**Recorded information:**
* * * * * * * * *

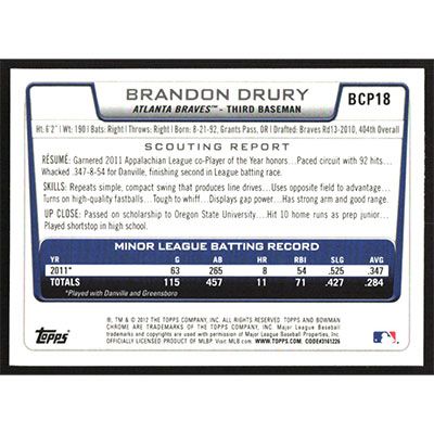 This is a 2012 Bowman Chrome Prospects Brandon Drury baseball card. The card is #BCP18 and pictures show condition.
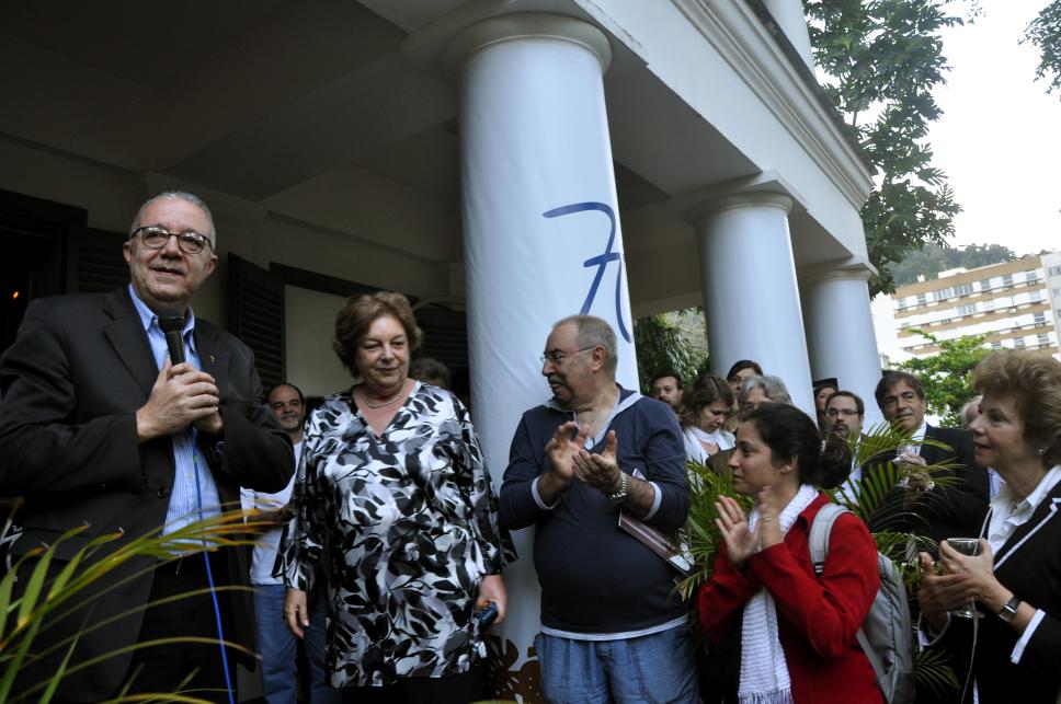 reitor pe. Josafá Carlos de Siqueira, S.J., profa. Margarida de Souza Neves (Núcleo de Memória da PUC-Rio).
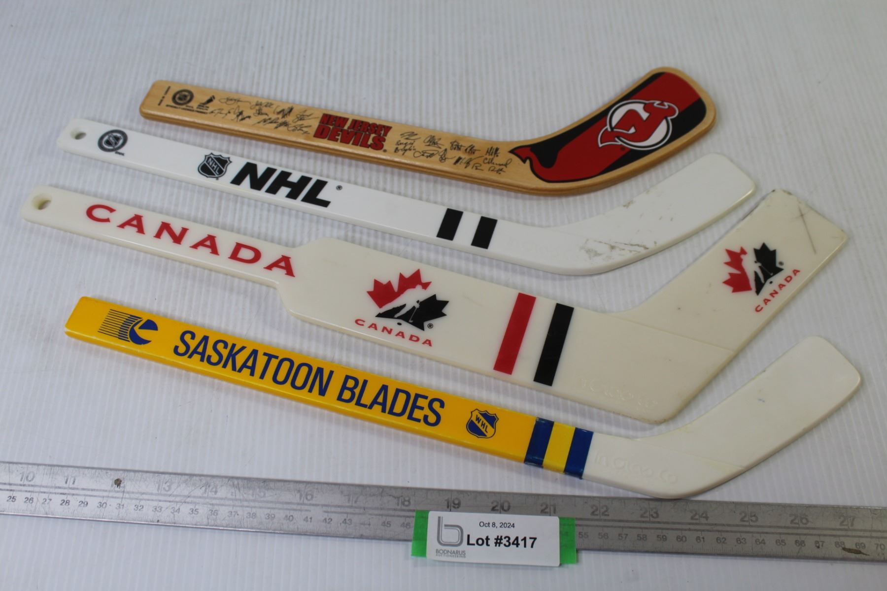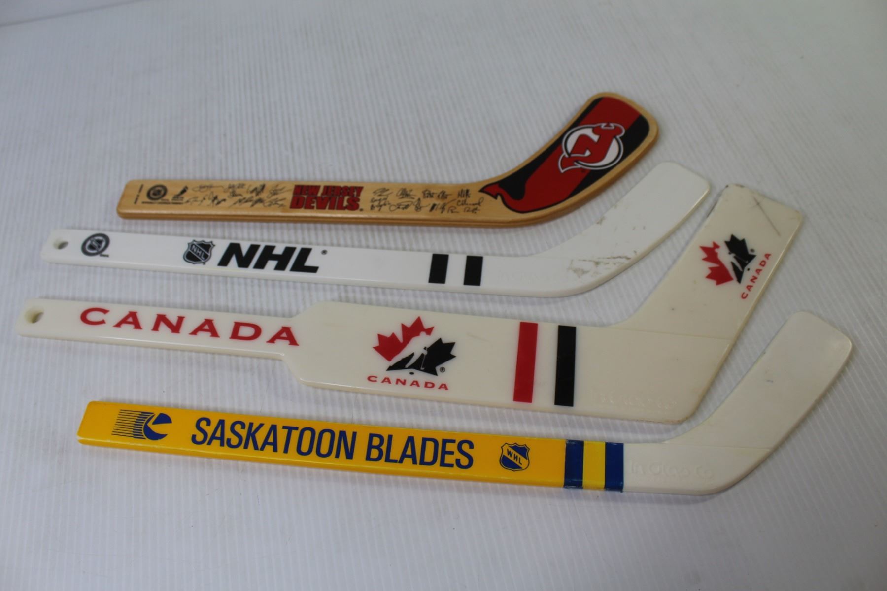 (4) Small Souvenir Hockey Sticks - Canada - NHL - Saskatoon Blades - New Jersey Devils

* * * * * * * * *

Your answer should be every line above, written out exactly, with no pictures.

 This is a 2012 Bowman Chrome Prospects Brandon Drury baseball card. The card is #BCP18 and pictures show condition.
 reitor pe. Josafá Carlos de Siqueira, S.J., profa. Margarida de Souza Neves (Núcleo de Memória da PUC-Rio).
 (4) Small Souvenir Hockey Sticks - Canada - NHL - Saskatoon Blades - New Jersey Devils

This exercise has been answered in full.